Disciplined Sarah had stuck to a training plan and was aiming for sub-2hrs.  She was a bit miffed to miss it by 2 minutes, but given the hilly course I'd let her have it, especially given that it's the longest continual run she's done (mountain marathons don't count, it's all walking!).  I'm really proud of her dedication.
The next day we went to find Breaker Wall, a nice crag on Barra that's been fairly recently developed (info on Colin Moody's site here) and after some scary sheath-cutting abseiling (my fault) did a brilliant E2 called Druth's Groove and a nice aptly named Diff called Escape Route under the watchful eyes of a rather bemused grey seal.  

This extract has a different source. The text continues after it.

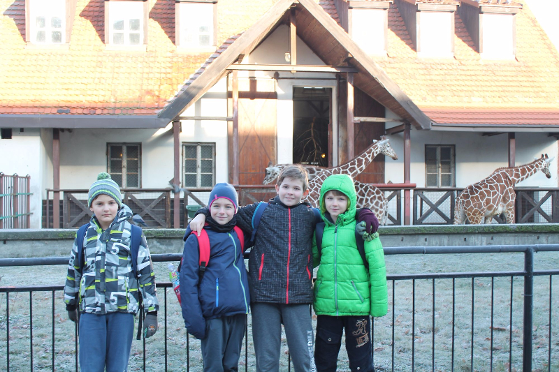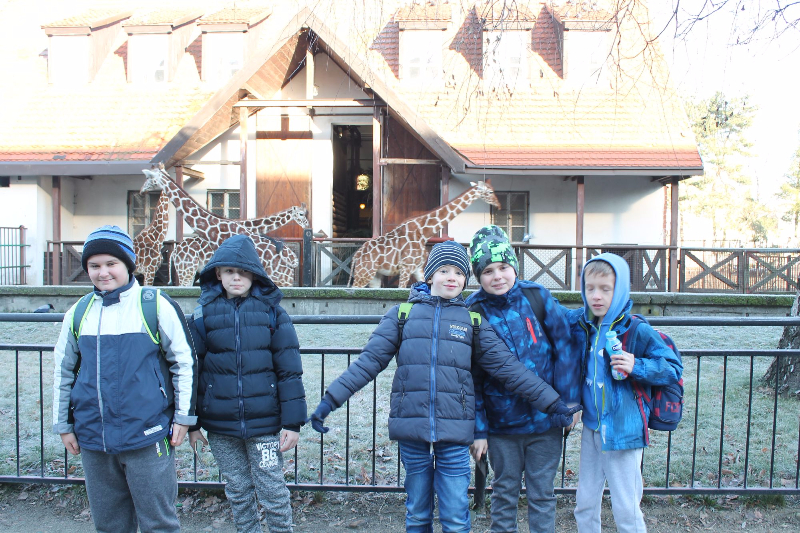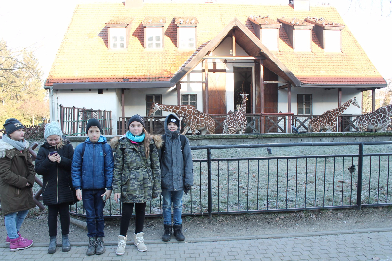 13 grudnia wszystkie klasy 4 wybrały się do ZOO we Wrocławiu, a właściwie do Afrykarium. Na wycieczkę jechaliśmy autobusem. Gdy dojechaliśmy, szybko kupiliśmy bilety i poszliśmy oglądać zwierzęta zimową porą. Na początku odwiedziliśmy pawiany, a potem w trzech grupach poszliśmy na zajęcia edukacyjne. Dwie grupy uczestniczyły w lekcji o małpach, a moja grupa skierowała się do budynku, w którym mieściły się gady. Tam dostaliśmy kartę pracy, w której musieliśmy odpowiedzieć na pytania związane z poznanymi gadami. Po wyjściu z zajęć edukacyjnych poszliśmy do Afrykarium, na co czekaliśmy cały czas. Po drodze widzieliśmy żyrafy, niedźwiedzie, wilki. I nareszcie weszliśmy do Afrykarium. W oszklonych ścianach i suficie widzieliśmy dużo różnych ryb, rekinów oraz żółwie i płaszczki. Było pięknie. Widzieliśmy też hipopotama z małym hipciem – ogromne zwierzęta. W Afrykarium pływały też inne morskie ssaki. W całym Afrykarium panował klimat jak w Afryce, było wilgotno i ciepło. Rosło też wiele ogromnych, egzotycznych roślin. Potem odwiedziliśmy sklep z pamiątkami, gdzie każdy mógł zakupić ciekawy souvenir. Odwiedziliśmy również restaurację, aby coś zjeść.

Druth's Groove, Breaker Wall, Barra
We laugh afterwards: 50m ab rope soon becomes 2x25m ab ropes.
From Barra to Eriskay, to South Uist, to Benbecula, to North Uist, to Berneray - big skies, empty spaces, sandy beaches, historic sites, museums, tea, cake, not much exercise.  These islands felt a bit like the land that time forgot, still following the seasonal crofting cycles - small houses dotted across the landscape, grey, pebble-dashed, functional.  Even the occasional nods to the modern world, like the military base and airfield on Benbecula, felt old and impoverished, like looking at archive footage of the 70s and 80s.

Sarah and the Sea
Eventually we docked at Leverburgh on South Harris, a much more familiar (and much preferred) landscape of hills and rock.  A quick run up Clisham the next day then off to the tiny island of Bernera off Lewis' west coast.  Here we found our favourite beach of the trip at Bostadh, where an Iron Age village had been hidden in the dunes for centuries, to be exposed to our inquisitive eyes by an Atlantic storm in 1993 then re-buried to preserve.  We found Creag Liam nearby and I mustered some psyche for my first ever deep water solo - Mini Tsunami, 4a, 20m, S2 (what ever that means), first done by the heroic Jules Lines.  Suffice to say, getting to the bottom of the route was far harder than 4a, and you really wouldn't want to fall off from much higher than the first 10 metres (the shaking started when a hold broke at about 15 metres).  An intense, deep experience, that will live on for a long time.
Part way up Mini-Tsunami at Creag Liam, Lewis.